Statement of Stockholders Equity

The statement of stockholder’s equity is the difference between total assets and liabilities. It is usually measured monthly, quarterly, or annually. There is three important documents income statement; cash flow statement and state of stock holder’s equity are the important statements.

Statement of Stockholders Equity - Formula, Example

Stockholder’s equity increases if more capital is contributed by business owners or investors or due to an increase in profits.

How to calculate shareholder’s equity?

Shareholder’s equity is calculated by deducting total liabilities from the total assets.

Total Assets

The total assets are categorized as current and non-current assets. Current assets can be converted into cash within one year. Non-current or long term assets cannot be converted into cash within a year.

Total Liabilities

The total liabilities mean current liabilities and long term liabilities. Current liabilities have to be within a year. The long term liabilities are due for repayment beyond one year.

What does negative or positive shareholder equity mean?

The shareholder’s equity may be positive or negative. The positive equity means that the company has surplus assets to its total liabilities. Whereas the negative SE means the liabilities of the company exceeds its assets. If it continues for a long period the company can lead to insolvency of the balance sheet.

No investor likes to invest in a company that has negative shareholder equity. That’s why SE is one of the important components that attract investors to invest in the company.

Why do the companies need a statement of shareholder equity?

We are living in the era of competition a small business needs to know their business is doing well or not. In the absence of a shareholder’s equity statement, it’s hard to do so. So this statement is a valuable tool to measure the health of your business. Here are the uses of the shareholder’s equity statement.

  • Helps you to take financial decisions

Lists how a business is after paying all the expenses is valuable for future planning. After watching the statement you will come to know do you need to borrow money to expand the business or not.

Is there any need to cut the cost or you will earn a profit on sale?  It also attracts outside investors who want to see your financial position before investing in your business.

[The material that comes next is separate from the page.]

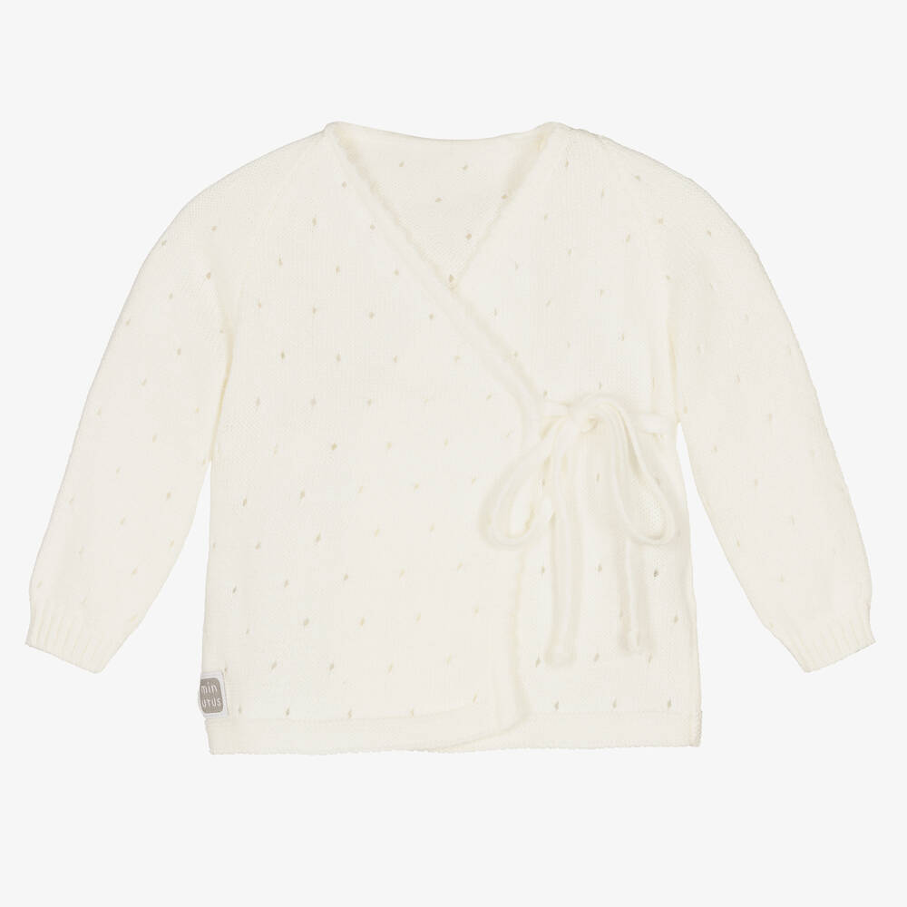 Adorable cotton cardigan for baby boys and girls by Minutus. In a soft and fine cotton pointelle knit, it has a cross-over front which ties at the side.

  • How a business is doing

The statement of shareholder’s equity is a useful tool to measure how well a business is doing. If the equity declines from one accounting period to another is a sign that a business is doing something wrong.

  • Helps to overcome financial difficulties

The shareholder’s equity is vital in trying times. In case you didn’t make enough to continue operations. It lets you know whether you have enough equity in the business.

What are Equity Shares?

Equity shares are the long-term source for a company. These shares are issued to the general public and cannot be redeemed. The equity shareholder has the right to vote, claim the assets, and share the profits.

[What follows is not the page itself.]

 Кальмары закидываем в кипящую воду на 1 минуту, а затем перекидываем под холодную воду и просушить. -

Types of the Equity Shares

  • Ordinary Shares

The shares issued by a company to procure funds to meet the long term expenses of a business. These shares are associated with the ownership benefits provided to an investor where an individual gains exposure to various management activities. An investor who is having a large number of ordinary shares have substantial voting right.

  • Preference Equity Shares

These shares are issued with a guarantee of the payment of cumulative dividends before returns are distributed to an ordinary shareholder. A preference shareholder does not have any right which is provided on common shares. Preference shares can be classified into two categories.

  • Participating

The investor having participating preference equity share he/she is entitled to the stipulated amount of profits, bonus, depending on the performance of the company.

  • Non-Participating

These equity shares are not legible for such benefits.

  • Bonus Shares

The shares issued out of retained earnings are known as bonus shares. The profits are distributed among investors in the form of additional shares. A bonus share cannot increase the total market capitalization value of the company. It only represents the excess capitalization of excess funds generated from production.